> [EXERCISE BRIEF]
Produce an exact copy of all the data below, dropping every image.

> [INFORMATION PROVIDED]
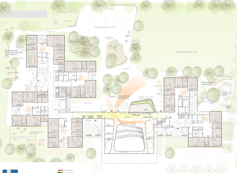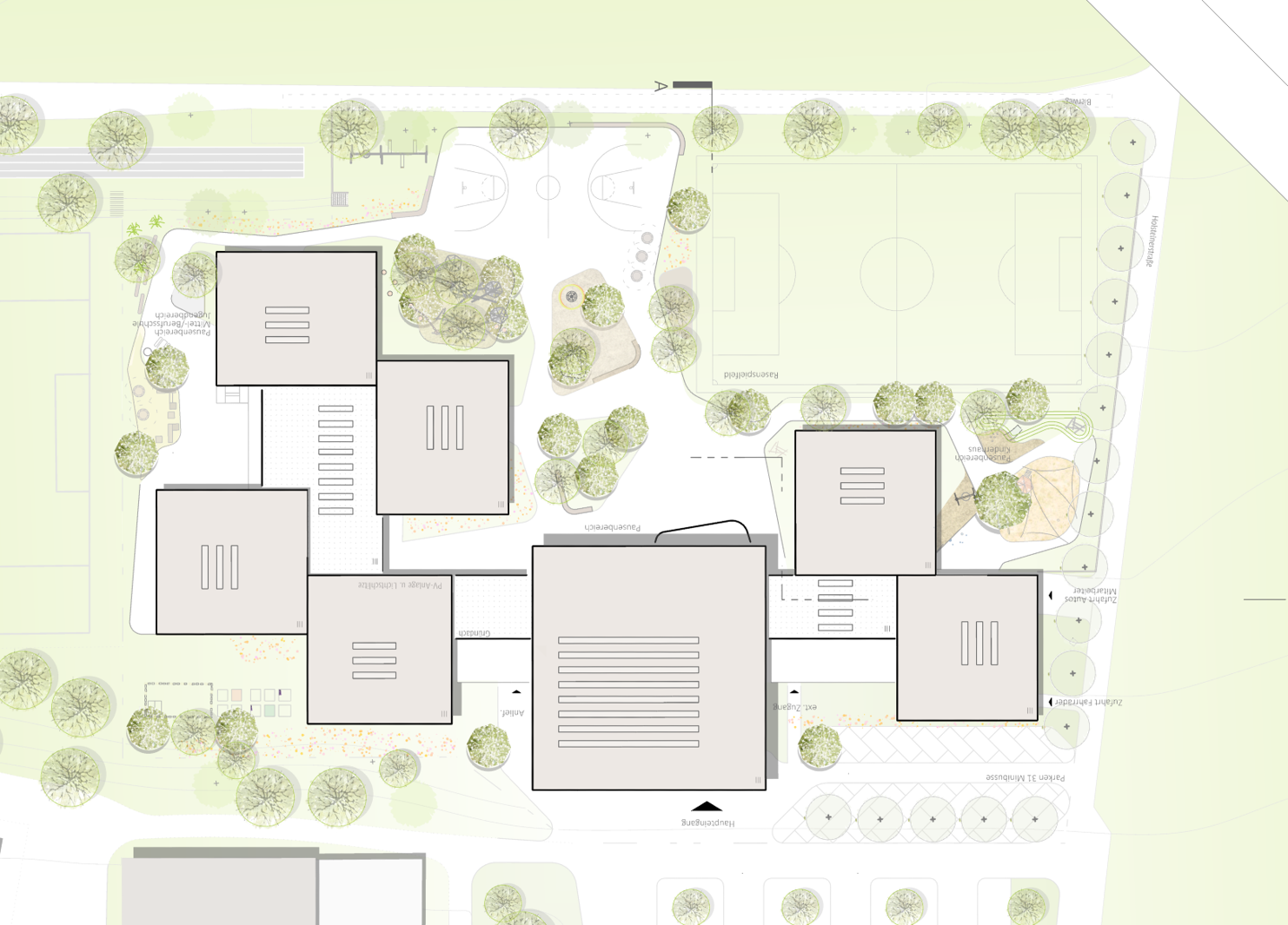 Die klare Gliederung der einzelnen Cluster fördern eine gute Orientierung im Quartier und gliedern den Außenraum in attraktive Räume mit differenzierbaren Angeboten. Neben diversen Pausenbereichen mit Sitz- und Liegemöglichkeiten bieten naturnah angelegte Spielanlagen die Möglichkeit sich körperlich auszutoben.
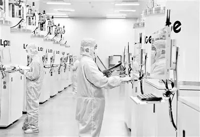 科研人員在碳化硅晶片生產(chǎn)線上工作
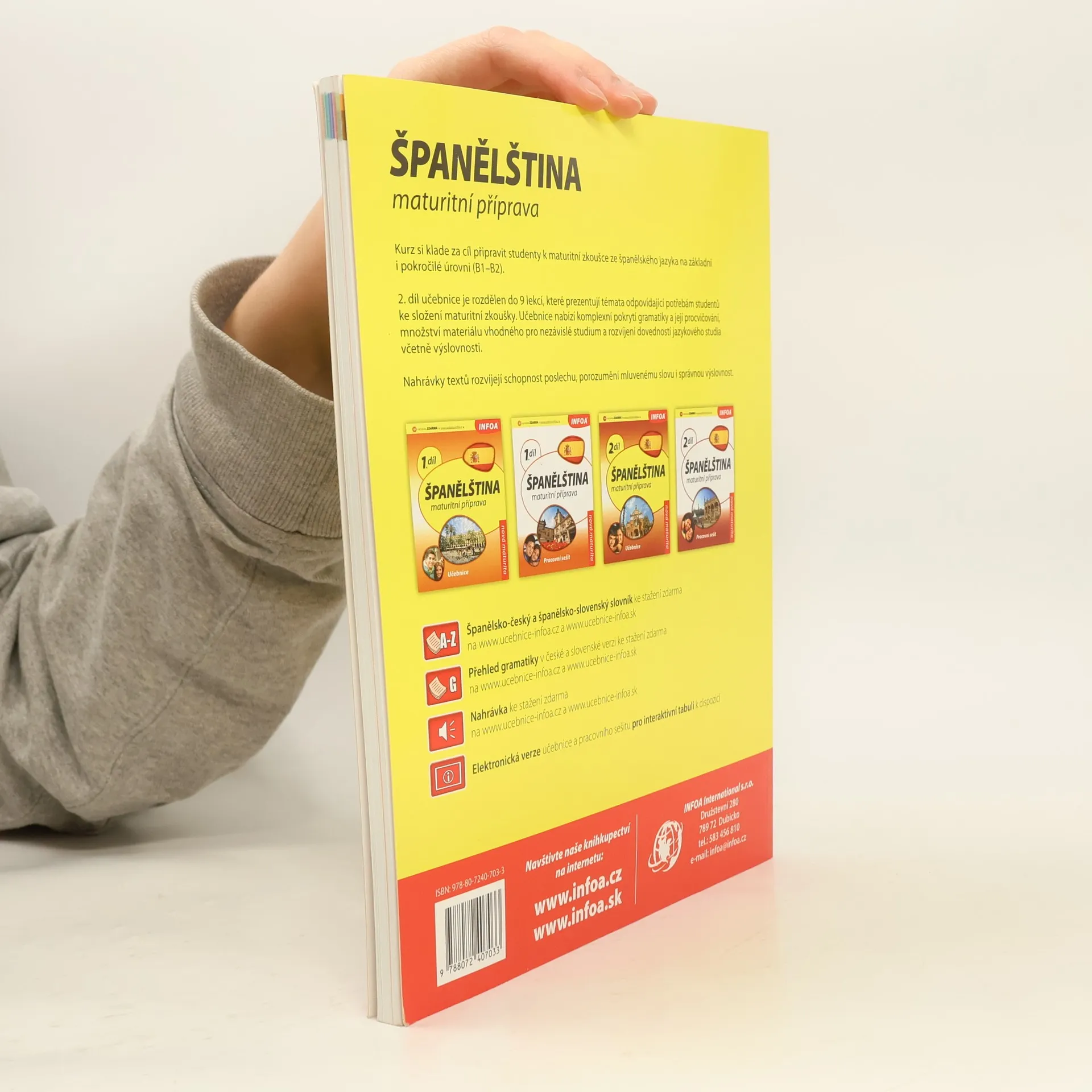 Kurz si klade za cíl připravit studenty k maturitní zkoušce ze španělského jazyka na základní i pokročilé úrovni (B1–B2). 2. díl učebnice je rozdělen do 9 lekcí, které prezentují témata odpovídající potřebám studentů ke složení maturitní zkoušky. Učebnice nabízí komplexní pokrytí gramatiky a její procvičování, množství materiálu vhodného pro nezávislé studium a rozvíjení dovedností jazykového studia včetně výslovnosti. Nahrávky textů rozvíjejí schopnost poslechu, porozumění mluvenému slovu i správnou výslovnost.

> [SOLUTION TO THE PROBLEM]
 Die klare Gliederung der einzelnen Cluster fördern eine gute Orientierung im Quartier und gliedern den Außenraum in attraktive Räume mit differenzierbaren Angeboten. Neben diversen Pausenbereichen mit Sitz- und Liegemöglichkeiten bieten naturnah angelegte Spielanlagen die Möglichkeit sich körperlich auszutoben.
 科研人員在碳化硅晶片生產(chǎn)線上工作
 Kurz si klade za cíl připravit studenty k maturitní zkoušce ze španělského jazyka na základní i pokročilé úrovni (B1–B2). 2. díl učebnice je rozdělen do 9 lekcí, které prezentují témata odpovídající potřebám studentů ke složení maturitní zkoušky. Učebnice nabízí komplexní pokrytí gramatiky a její procvičování, množství materiálu vhodného pro nezávislé studium a rozvíjení dovedností jazykového studia včetně výslovnosti. Nahrávky textů rozvíjejí schopnost poslechu, porozumění mluvenému slovu i správnou výslovnost.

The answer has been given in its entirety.